The two-sample KS test is symmetric: swapping the sample labels yields the same $D$ and p‑value. It also handles samples of different sizes with ease. When sample sizes are very small, p‑value approximations may be less accurate, so exact tables or permutation tests provide better control of Type I error. For large samples, the asymptotic formula used here performs well.

Beyond hypothesis testing, the KS statistic offers a convenient measure of distance between distributions. In machine learning and data mining, it can quantify how well synthetic data mimic real-world observations. In finance, analysts compare historical return distributions across market regimes using KS distances, highlighting structural changes that may affect risk assessments.

Although the classic KS test applies to continuous data, variants exist for discrete distributions and for one-sample goodness-of-fit assessments. The one-sample version compares the empirical distribution to a fully specified theoretical CDF. Extensions also handle cases with tied observations by applying mid‑rank adjustments or by adding small random jitter.

The KS test's reliance on empirical distributions means it does not rely on parametric assumptions, but it still assumes independent observations. Correlated data, such as time series, can inflate the probability of false positives because neighboring values influence each other. When analyzing such data, consider block bootstrap methods or other techniques that account for dependence.

Historically, the test gained prominence in the mid-20th century as statisticians sought methods that were robust to unknown distribution shapes. Its use has expanded with modern computing power, enabling practitioners to evaluate complex models by comparing simulated and observed data. The KS statistic also underlies metrics such as the Earth mover's distance and the Cramér–von Mises criterion, situating it within a broader family of distributional comparisons.

To deepen your understanding, experiment with the calculator by entering samples drawn from known distributions. Try comparing normal and uniform samples, or two normal samples with different means. Observe how the KS statistic reacts to shifts, spread changes, and outliers. Such experimentation builds intuition for how cumulative differences manifest in practice.

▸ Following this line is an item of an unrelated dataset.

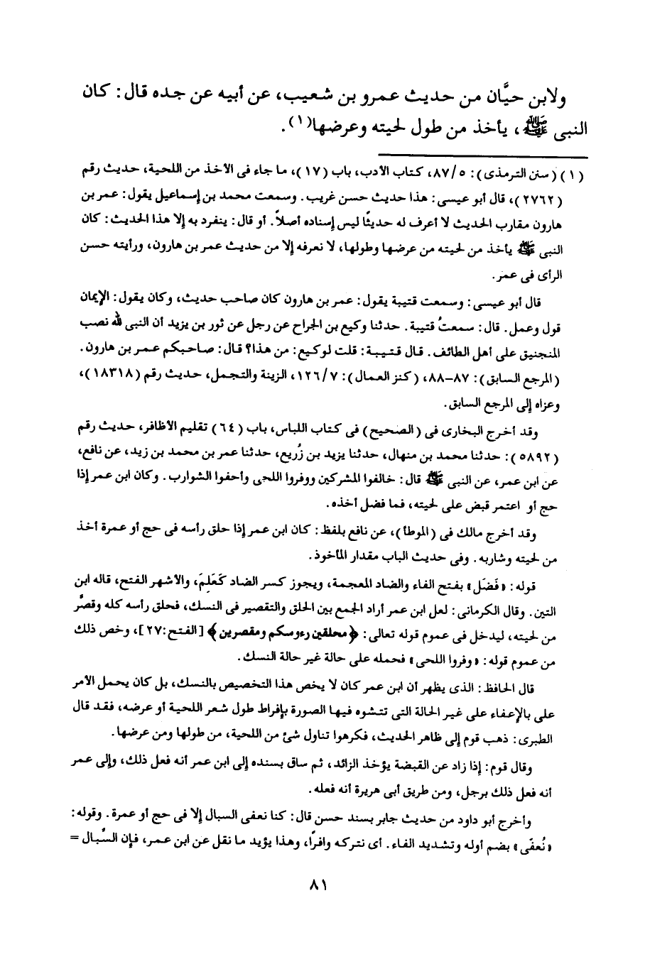 [ (1) ] (سنن الترمذي) : 5/ 87، كتاب الأدب، باب (17) ، ما جاء في الأخذ من اللحية، حديث رقم (2762) ، قال أبو عيسى: هذا حديث حسن غريب. وسمعت محمد بن إسماعيل يقول: عمر بن هارون مقارب الحديث لا أعرف له حديثا ليس إسناده أصلا. أو قال: ينفرد به إلا هذا الحديث: كان النبي صلى اللَّه عليه وسلم يأخذ من لحيته من عرضها وطولها، لا نعرفه إلا من حديث عمر بن هارون، ورأيته حسن الرأى في عمر.

Because every computation occurs in your browser, no data are transmitted elsewhere. You can save this page and use it offline to analyze sensitive datasets securely. The algorithm scales well for small to moderate sample sizes, though extremely large datasets may incur noticeable sorting time. Nonetheless, for educational purposes and quick analyses, the KS test's simplicity and generality make it an invaluable addition to any mathematical toolkit.